Лицо у нее тоже мокрое, чья-то рука осторожно промокает испарину тампоном, потом осторожно меняют рубашку, простыню, прочее постельное белье. У тихой безымянной ночной сестры появилась помощница - темноволосая молодая женщина, красивая (красота ее заключена в легких, едва ли не застенчивых движениях), женственная, подвижная, старательная, она сумела соединить в себе много такого, что крайне редко сходится воедино. Во-первых, глаза у нее темно-темно-карие, каких я в жизни не видела, так я ей и говорю. Она улыбается, без смущения. Сидит на краю койки, кладет ладонь мне на лоб, материнским жестом, но ведь она намного моложе, годится мне в дочери. Говорит, что она анестезиолог. Завтра утром поможет ей хорошенько заснуть. И будет рядом, когда она проснется. В наркоз надо постараться войти с добрым настроем, ведь как войдешь, так и выйдешь. Она будет внимательно за нею присматривать, можно не сомневаться. И обращение "госпожа доктор" совершенно излишне, у нее нет ученой степени. Зовут ее Бахман, Кора Бахман. Имя, богатое ассоциациями. Она не понимает. Ей нужны кой-какие сведения, я сообщаю, что могу; конечно, говорит она, почти всё записано в моей истории болезни, но она предпочитает лично удостовериться, нет ли, например, аллергии к определенному наркотическому средству. Лично удостовериться, что пациенту оно подходит, хотя, говорит Кора, кто придумал называть подходящим яд, ведь любое наркотическое средство по сути своей есть яд. Странно. Даже о щекотливых темах она умеет сказать так, что защитный страх у меня не включается, - разве же средство, которое введет мне Кора, может быть хоть сколько-нибудь неподходящим?

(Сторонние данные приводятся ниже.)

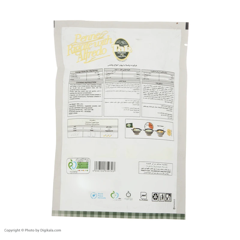 پنه ریگاته با سس آلفردو تک ماکارون – 180 گرم
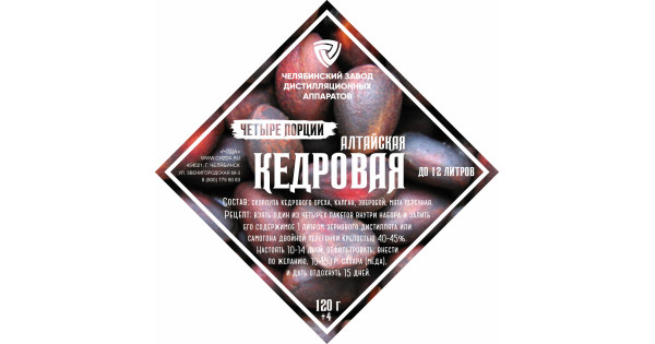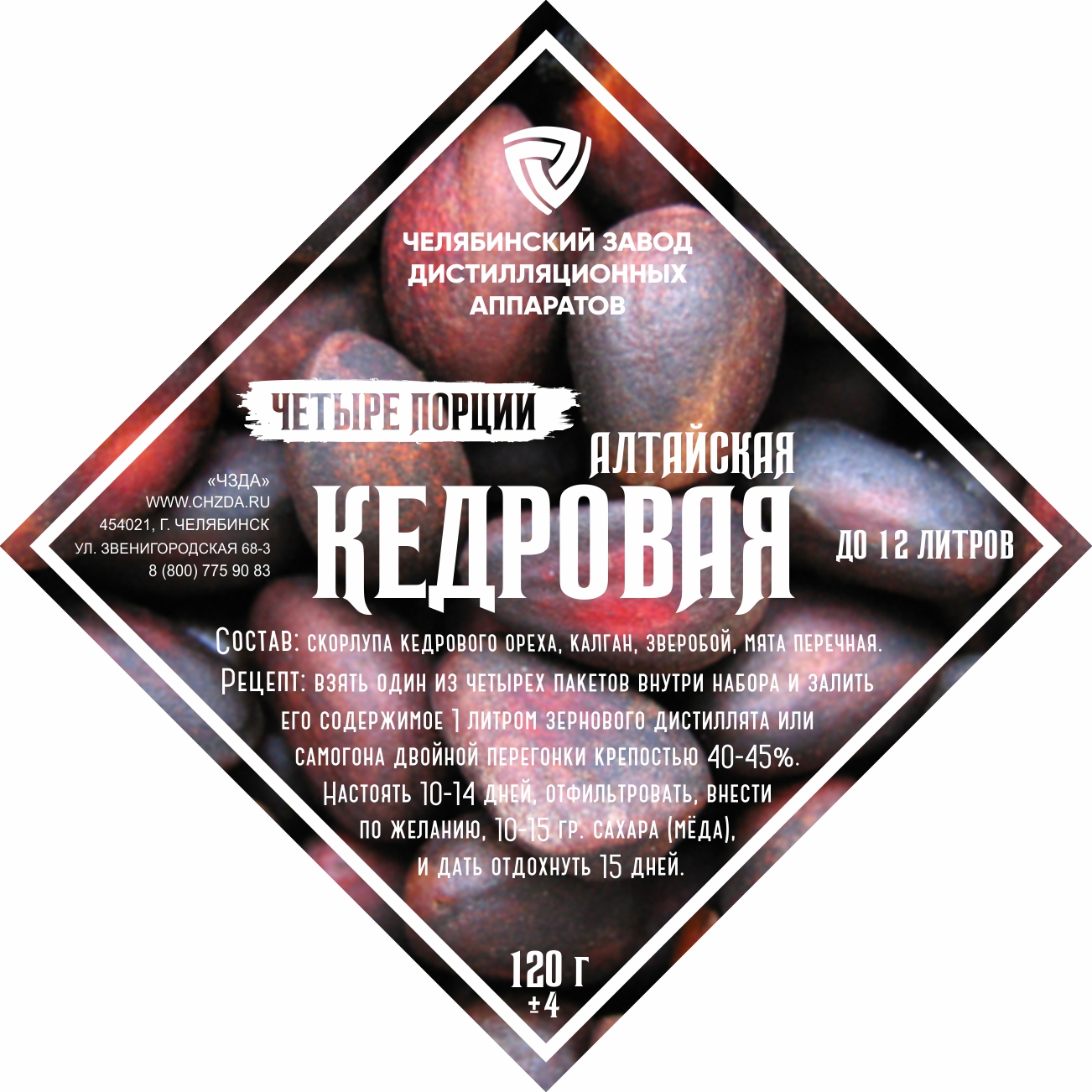 Tincture "Altaisk Cedar" Composition: cedar nut shell, calgans, St. John's wort, peppermint. Recipe Ingredients from the packaging pour 1 liter of vodka or a double-mural distillate with a strength of 40-45%. Stir and remove in a..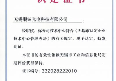 無(wú)錫市企業(yè)技術(shù)中心證書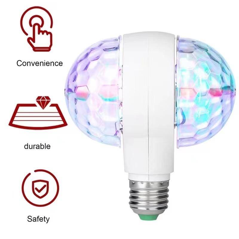 E27 Double-Headed Rgb Led Rotating Light Christmas Lights Bulb Small Strobe Light Disco

Стало быть, она поведет меня во тьму, в Гадес, она, мой провожатый, будет присматривать за мной, следить за моим сердцебиением, я облегченно вздыхаю. До чего же долги эти ночи, роняет она, и Кора соглашается: Да, ее ночи, хоть и по-другому, но тоже долги, когда у нее ночное дежурство, как сегодня. А завтра утречком сразу в операционную! - сочувствует пациентка; ах, говорит Кора, зато не теряешь форму, а часок-другой сна, по крайней мере, нынче удастся перехватить.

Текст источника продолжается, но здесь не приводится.